I actually want this blog to have some focus. My thoughts seem to have a theme that has developed over the last few years. How does disability impact my life and my faith, and how does faith impact my life in general and as a person with a disability? My faith calls on me to tell my story, and these are the things that make up my story. I don't like to think of disability as a central part of my life--and in fact the "blindness culture" often encourages people to think of blindness as "just a nuissance" or characteristic. But it isn't, and neither are the other conditions I face. They shape who I am, how I think and act, and how other people act toward me. In turn, my thoughts and actions and perceptions of other people's thoughts and actions toward me also shape who I am, how I think and act, etc. Thinking about that sometimes makes my head spin, but sometimes it's also an amazing thing to me--almost a mystery.
Now for some basics... I don't like to write a journal as if I'm writing to the reader, but part of the point of this journal is that it's intended for public viewing. That means that I do need to acquaint readers with things about my life that are obvious to me and that I wouldn't normally write in my private journal or say to my friends. I could direct readers to other sites where I've written all these things, but another thing that's important to me in keeping this journal is that it be able to stand alone. That means that if you're here and you're my friend or you've read my other writings, I may seem to repeat myself.
I'm sharing a lot of things about not only my disabilities but about the abilities I have. I'm feeling a bit self-conscious about the amount of detail I'm including, but it's important to me for people to know these things. These are the things that nondisabled people ask often when they are getting to know me and forming their ideas about how to relate to me. Knowing about my abilities and limitations and how they have changed is an essential part of understanding my experiences and changing viewpoints.

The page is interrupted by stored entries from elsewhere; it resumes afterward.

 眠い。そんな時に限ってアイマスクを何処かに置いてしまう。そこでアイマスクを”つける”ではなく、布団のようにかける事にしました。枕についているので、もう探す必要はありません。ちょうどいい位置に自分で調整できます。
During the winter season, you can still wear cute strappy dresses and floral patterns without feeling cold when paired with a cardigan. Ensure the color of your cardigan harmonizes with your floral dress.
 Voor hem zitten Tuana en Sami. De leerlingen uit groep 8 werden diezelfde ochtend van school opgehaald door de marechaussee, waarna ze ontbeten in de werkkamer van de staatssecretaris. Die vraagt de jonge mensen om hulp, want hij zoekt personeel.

So without any more editorializing, here's the low-down on me and disabilities.
I was born around three months early, weighing in at a whopping two pounds two ounces. I was not breathing when I was born, but just as doctors and Mom were giving up on me I cried. So off I went to the incubator, and my parents did nothing but look at me in the window for the next three months. I suspect that this lack of contact had a lasting effect on me. I can't prove it, but I am fairly certain about it, and this is something I will probably elaborate on in the future. God has been gracious in healing those things, and He's still working on it. ...
When I was five months old, my parents took me to Tulane University in Louisiana because they noticed that I was not looking at objects consistently. The doctors found that I had a lot of scar tissue in my eyes and my retinas were partially detached. This condition is common in premature infants. There was no treatment at the time, and the doctor told my parents that I might have some vision in the right eye but probably would be completely blind.

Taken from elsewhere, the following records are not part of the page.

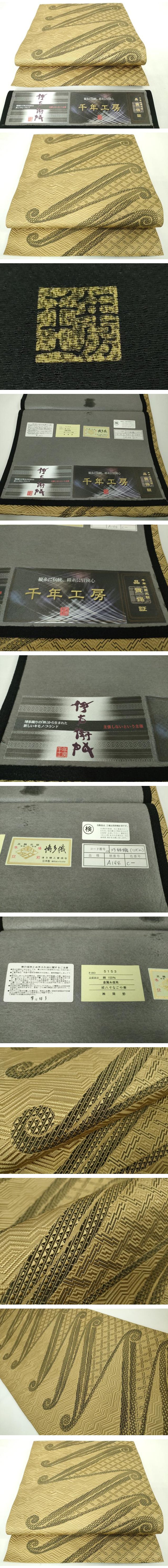 | 【正絹】 状態は締めてはおりますが 特に目立ったシミ汚れなどもなく大変良い状態です。 創業1897年博多織元・岡野の千年工房は織元としてのプライドと 技術の伝統を守りながら、ファッション進化の基本である 「新しい出会いへの冒険心」をモットーとしています。 博多織の帯はとにかく“締めやすい”のが特徴となっています。 その理由は「タテ糸が多い」ということ。 細いタテ糸をたくさん使い、太いヨコ糸を強く打ち込むことで ハリとコシが出て、きちんと締まりくずれにくい帯となるのです。 大変上質な極上の逸品になります。 お安く出品致しますので、是非この機会にいかがでしょうか?
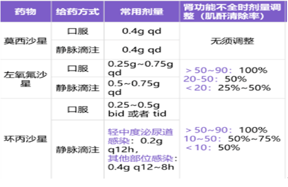 莫西沙星在尿液中濃度低,不建議用于尿路感染。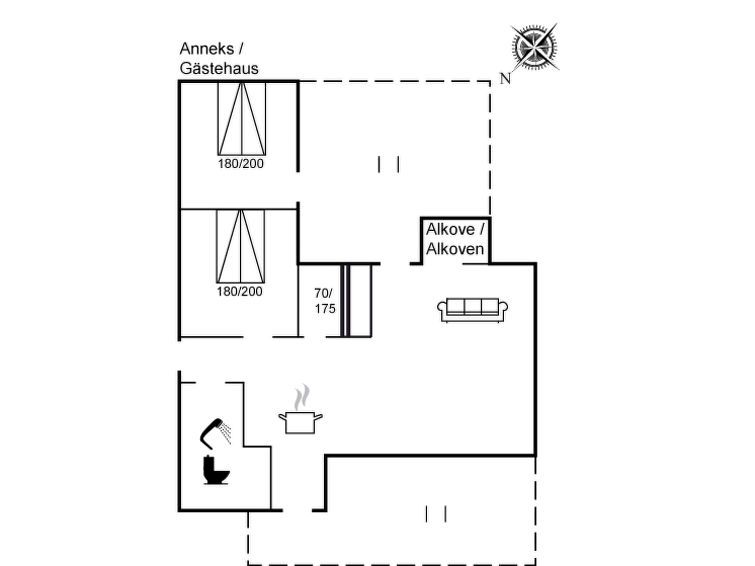 "Kamilla" - 200m from the sea", 3-room house 75 m2. Object suitable for 6 adults. Living room with TV. 1 room with 1 double bed. Studio 1 room with with 1 x 2 bunk beds, 1 double bed. Kitchen (oven, dishwasher, 4 induction hot plates, microwave, freezer). Shower/WC. Facilities: Internet (WiFi).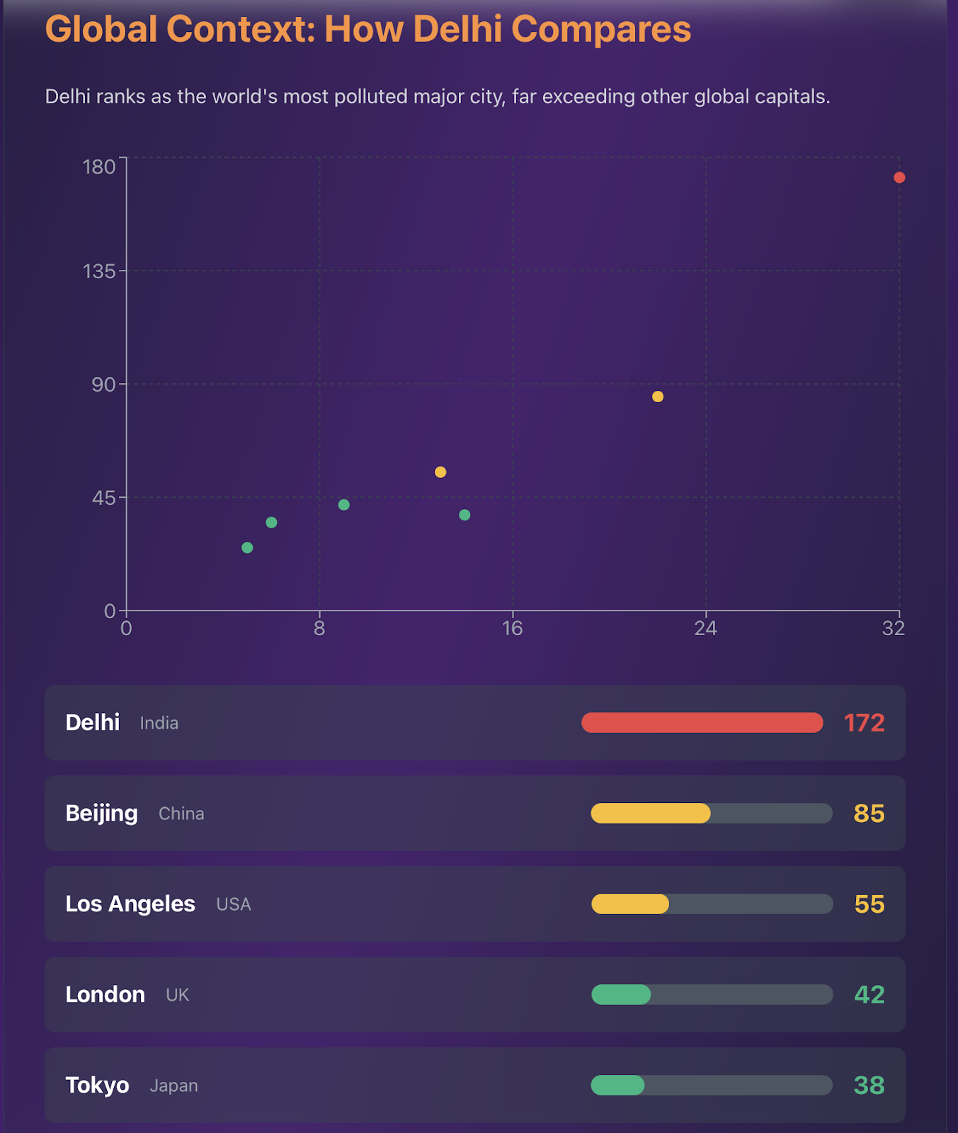 To grasp the pollution situation in Delhi properly, it is necessary to examine global comparisons first. New Delhi was the world’s most polluted major city in 2024. Additionally, India had 6 out of the 9 cities with the worst pollution worldwide. The city’s average AQI of 172 was a huge contrast to that of other top-polluted cities worldwide:

When I was about a year old, I began to notice lights, and my parents found a teacher at an early childhood center who did visual exercises with me so that I could learn to recognize shapes. She also helped me learn to use my other senses so that I could, for instance, find a dropped object by listening to it fall and following the sound.
We moved to Texas when I was four, and we lived with my mother's mother and stepfather ("Granny and Gramps") for a while. I have vivid memories of them and their house because it was full of sensory experiences. They had a big yard with many trees and flowers, and I remember seeing piles of leaves in many colors. I never could match colors and words reliably, but I could see the different colors and I love to look at them. My sister was born in December that year, and I remember trying to see her through the nursery window. I could only see the receiving blanket. I could not see her face.
I learned my letters and numbers using flash cards and magnetic letters made by PlaySkool. These have braille on them now, but my set did not. When I entered kindergarten, I could identify all of the letters visually. I could read letters about one inch high from about three feet away. My parents decided to have me learn braille because doctors had told them that I might develop other eye problems or even need to have my eyes removed if they ever became inflamed or painful.
When I was eight, the vision in my right eye deteriorated very rapidly and my left eye became very painful. The doctor gave me drops for the left eye and said that I had glaucoma. The pressure in my left eye was too high, and the cornea was damaged as well as the optic nerve.
I also had a cataract in the right eye, which was causing the vision loss. I was hospitalized for surgery,. The cataract was so big that the doctor removed the lens completely from my eye. Normally he would leave part of it so that the person could have an artificial one implanted. My eye was completely patched for three days, and I refused to let the doctor examine me because his light was so painful. On the fourth day, I told him that I wouldn't let him pry my eye open but I would do it myself if he would keep his light away and open the curtains on the window. I was holding a white stuffed cat, and when I opened my eye this was the first thing I saw. I recognized the white color, and I made my mom take me up and down the hall so that I could look at windows and doors and lights. Later I got a magnifier and reading glasses, and I used a closed-circuit TV to enlarge print and read comfortably until I started the sixth grade. This was a very slow way of reading for me, and I could not keep up with homework using print. So I began using braille only.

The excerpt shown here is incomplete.